Mohamed Bazoum, 60 ans, a succédé à Issoufou Mahamadou à la tête du Parti nigérien pour la démocratie et le socialisme (PNDS) quand ce dernier a été élu président de la République, en mars 2011. Deux mandats présidentiels plus tard, il ambitionne de lui succéder à la tête de l’État. Les deux hommes se côtoient depuis plus de trente ans, puisque leur combat politique les a amenés, en 1990, à fonder le PNDS avec d’autres camarades, dans le sillage de la Conférence nationale qui a restauré la démocratie après une longue nuit de dictature militaire. Ce compagnonnage a créé des liens de camaraderie très forts entre les deux hommes. Issoufou Mahamadou avait de l’ascendant sur le camarade Bazoum, son benjamin de huit ans, mais aussi de l’admiration pour sa détermination politique, la cohérence de ses propos, sa rhétorique, la rigueur de ses analyses, et surtout sa loyauté. C’est pourquoi il en a fait un homme clé dans son dispositif en arrivant au pouvoir: ministre d’État aux Affaires étrangères, puis à la Présidence, et enfin à l’Intérieur et à la Sécurité publique. Il lui a en outre apporté son soutien quand il a affiché son ambition de devenir dauphin.

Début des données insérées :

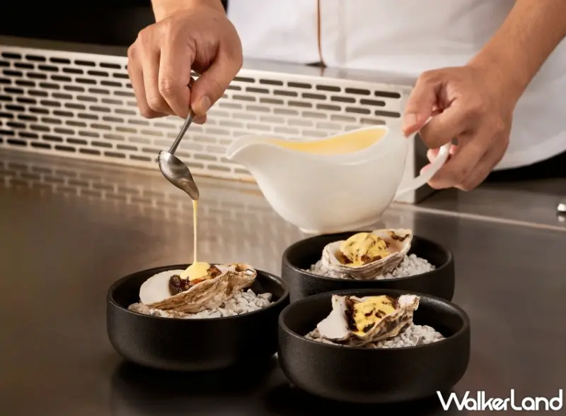 其中,廣島牡蠣就是搭配五大法式母醬之一「荷蘭醬」,口感如天鵝絨般滑順,濃郁奶味與柑橘酸香元素巧妙結合,點上黑金美味魚子醬,珍饈鮮滋在味蕾中奔放,入喉後鹹鮮美味持續淡淡散出,吃一口就懂、好的醬料讓食材變的更美味。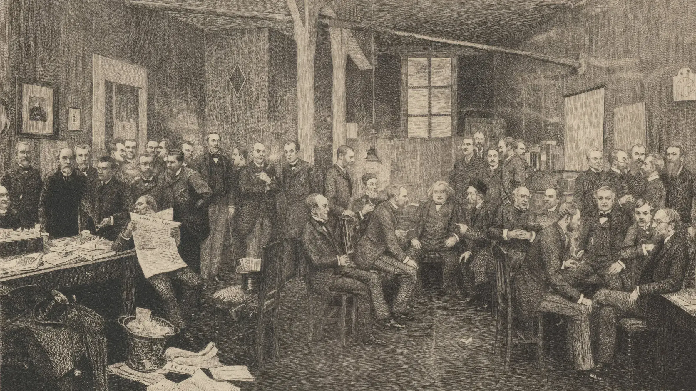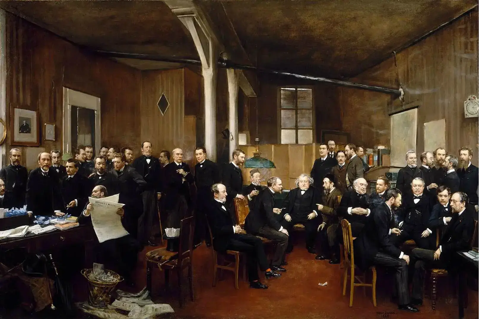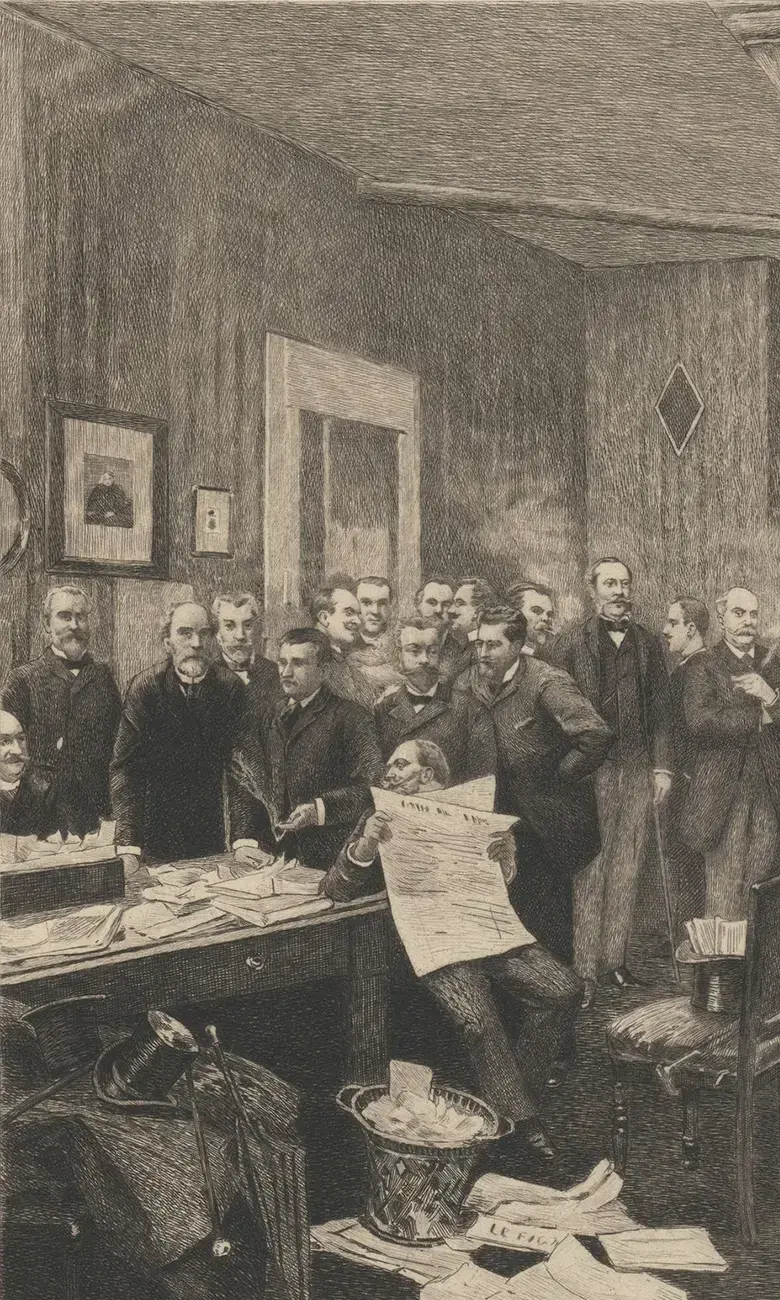 The Journal des débats was founded during the Revolution of 1789. By 1830, it was one of the most widely circulated newspapers before ceasing publication in 1944. The scene in the painting takes place on the ground floor of the hotel.

Arabe de la tribu des Ouled Slimane, Mohamed Bazoum est né le 1er janvier 1960 à Bilabrine, dans la région de Diffa. Sa famille s’installe ensuite à Tesker, dans la région de Zinder, où il passe son enfance et sa scolarité primaire. Après un bac obtenu à Zinder, en 1979, il obtient une bourse pour l’Université Cheikh Anta Diop, à Dakar, et y décroche une maîtrise en philosophie politique et morale. De retour au pays, il enseigne la philosophie. Comme pour de nombreux militants de gauche, il entre en politique par le syndicalisme. Son engagement auprès du Syndicat national des enseignants nigériens (SNEN) lui vaut d’être intégré dans le staff de la puissante Union des syndicats des travailleurs nigériens (USTN). Puis vient le temps des Conférences nationales et de leurs espaces de débat. Son talent d’orateur en fait rapidement une étoile montante de la vie politique. Il se frotte avec succès au suffrage universel et devient député au cours de quatre législatures.

Militant de l’État de droit, farouche adversaire de l’intrusion des militaires dans la vie politique, opposant aux tripatouillages de Constitution, pourfendeur des corrompus de la République, Bazoum est sans doute l’homme politique qui connaît le mieux l’État, le peuple et le territoire. Ses passages à la tête des ministères régaliens en font un expert des rouages de l’administration, un parfait connaisseur de la moindre parcelle du pays pour l’avoir sillonné du nord au sud et d’est en ouest. Ses trente ans de carrière politique lui ont permis d’avoir un réseau de fidèles aux quatre coins du Niger. Autant d’atouts qui vont l’aider à vaincre son talon d’Achille: l’appartenance à une minorité ethnique, sérieux handicap en matière électorale. Mais l’argument est balayé d’un revers de bras. Bazoum est confiant: «Le suffrage universel fera de moi le successeur de mon camarade Issoufou Mahamadou.»